Littered with expletives, pimps, drug dealers, statutory rapists, preteen whores, gigolos, and different types of contract killers, Ratfucker is as bizarre as it is filthy. The LP is arguably the pinnacle of Armand Schaubroeck Steals’ short lived career before retiring to run a famous vintage guitar store (House of Guitars) in Rochester with his brother.
Gospel choir backing vocals fuel the title track, and there’s a distinct sense of Catholic upbringing throughout the album that’s reminiscent of the Jim Carroll Band’s “People Who Died.” Musically, there’s some typical garage rock arrangements when the guitar riffs aren’t getting into Television/Dire Straits territory. Most notably though, the album’s processed sax sound is dripping in post-Velvets/“I Wanna Boogie With You” Lou Reed-era rock and roll.
Juxtaposed with Schaubroeck’s angry speak-singing, the centerpiece of the album is impossible to avoid.
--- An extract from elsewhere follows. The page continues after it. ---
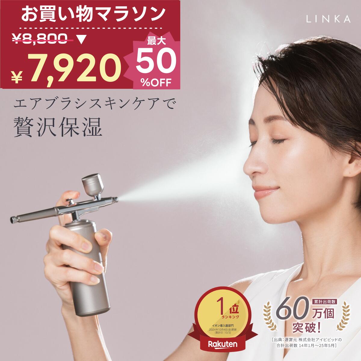 【LINKA crystal mist リンカ クリスタルミスト エアースプレー】 酸素×エクソソームの次世代エイジングケア(※) スキンケアの概念が変わる 3分セルフエステ (※)=年齢に応じたケア 【商品の特徴】 ●クリスタルミストとは毛穴より小さい0.021mmのマイクロミストを噴射することで、肌の隅々まで潤いを届けるセルフエステの美容機器です。 酸素と美容液剤が絡まりエアニードル™となってまるでエステ帰りのツヤ肌を実現。 ●クリスタルミスト スキンケアシリーズは、肌細胞研究でも注目のエクソソームが配合されています。 エアースプレーとスキンケアをセットでご使用頂くことで、ご自宅でも簡単にセルフエステが叶います。 今までのスキンケアの常識を越えた体験を。 エクソソームとは!? エクソソームとは、肌細胞内で情報を伝達するために必要な袋のことです。 その中でも、ヒトサイタイ血由来幹細胞エクソソームは、近年、効果の高いと言われていた脂肪・骨髄由来幹細胞と比較し、成長因子の含有量が2倍以上、EGFは約8倍含まれています。 最先端の細胞研究の成果を濃縮した次世代エイジングケア。(※) より未来に自信の持てる肌へ。 (※)=年齢に応じたケア 【ご使用方法】 1.本体を専用充電コードから外し、電源スイッチを押してランプの点灯を確認します。 充電中は赤色のライトが点灯しています。充電が終了するとライトが緑色に変わります。 本体からコードを取り外すと同時にライトは消えます。 2.専用化粧品・水道水または精製水をメジャーカップに注ぎます。 用途/ご希望の量によって大小のメジャーカップを使い分けてください。 メジャーカップには指定の目盛り線以上の液体を注がないでください。 ※ディープクレンジングとしてご使用の場合は前記載の専用化粧水/水または精製水をご使用ください。 ※オイル美容液などの粘度の強いトリートメント剤はノズル詰まりの原因となりますのでご使用はお控えください。 ※容器内で液体を長時間放置せず、ご使用後はすぐにきれいに洗ってよく乾かして収納してください。 3.下記の要領に従ってミストの量を調整し、お手入れ箇所にスプレーします。 3-1.メジャーカップの蓋を開けます。 3-2.上記の液体を注ぎます。 3-3.ミスト調整つまみを前後に動かしてお好みのミスト量でキープします。 3-4.酸素調整ボタンを左右に回して酸素の量を調整してください。 3-5.お手入れしたい部分にスプレー口を向けてスプレーしてください。 ※熱湯は火傷、容器の変形の可能性がございますので絶対にお止めください。 ※推奨スプレー距離は10~15cmです。 ※スプレーの際、ミストを吸い込まないようにご注意ください。むせる可能性がございます。 4.トリートメント作業を終了させる場合、再度電源スイッチを押してランプの消灯を確認します。 ※本製品は湿気や水滴に対しての生活防水設計です。本体部分は防水設計されておりますが、USBケーブル差込口は防水となっておりませんので差込口に水がかからないようにご注意下さい。 ※水没厳禁 ※専用USBケーブルは防水設計ではありません。 ご使用が終わりましたら、必ず毎回P13~お手入れ方法・保管に従ってお手入れ・保管してください。 また充電の際も上記に従ってお手入れの後充電してください。 【プレゼントとしても】 高級感のあるパッケージと他にはない新感覚の美容機器。 大切な方へのギフトとしてもおススメです。 誕生日 バレンタイン ホワイトデー 卒業祝い 入学祝い 母の日 父の日 敬老の日 出産祝い 引っ越し祝い クリスマスプレゼント にも最適です! さらにメーカー1年保証をお付けしておりますので安心してお買いお求めください。 【注意事項】 ■次の症状に該当する方は使用しないでください。 ●心臓疾患の方 ●高血圧の方 ●出血性疾患・血友病疾患などの血液異常の方 ●疲労の激しい方・体調が特にすぐれない方 ●飲酒や薬を服用中の方 ●知覚・痛覚異常のある方 ●糖尿病等の疾患により皮膚異常がみられる方 ●アレルギー体質の方 ●ウイルス性のイボ、黒皮症の方 ●アトピー性皮膚炎および皮膚病の方 ●美容機器の使用後に肌・頭皮にトラブルのあった方 (肌や身体のトラブル原因になる可能性) ●妊娠初期の不安定期から出産直後(授乳中)までの方 ●生理中の方 ●成長過程の方 ●幼児や成長期の子供、および自分で意思表示できない方 (ホルモンバランスが不安定なため肌トラブルの原因に なる可能性) ●温度の感覚が自覚できない方 (やけど・感電・けがの原因になる可能性) ■以下のような部位には使用しないでください。 ●肌に傷や湿しん・はれものなどのある部位 ●皮膚炎・過度の日焼けなど、皮膚に異常のある場合 ※肌や身体に痛み・異常を感じたらすぐ使用を中止する (事故や肌・身体のトラブル・体調不良の原因) ■次のような方は、医師に相談のうえ、ご使用ください。 ●今まで重い病気をした方 ●病院やクリニックで医師の治療を受けている方 ●骨折、整形な

Using repetition, an antagonistic disgust, and stretched out atonal yells, Schaubroeck wears his depraved street characters in a disturbingly intense way. There’s a seedy cinematic quality surrounding the whole narrative and its cast of characters, particularly present in the ripped-off James Bond theme riffs during the last track — a theatrical 11-minute closer sung from the perspective of a hired killer who murders wives.
Schaubroeck is an actor as much as a singer, unafraid to veer off into crackpot ad-libs of hi ho’s or zip a dee do dah’s. It doesn’t seem so surprising that his impossible-to-find debut triple LP was a rock opera interspersed with spoken word dialogues about his teenage imprisonment for grand larceny (hence, the “Steals” at the end of his band name). Listeners can’t help but sense that, through his menacing sneers, Schaubroeck is processing some worthwhile exploration into the seedy underworld of urban life. The music is a case study as much as it is an artistic statement, and it’s easy to wonder whether Ratfucker could’ve been The Blue Mask or Street Hassle if the title and songs weren’t so explicit. Instead, it survives in the margins of rock and roll history as a deranged but brilliant cult classic.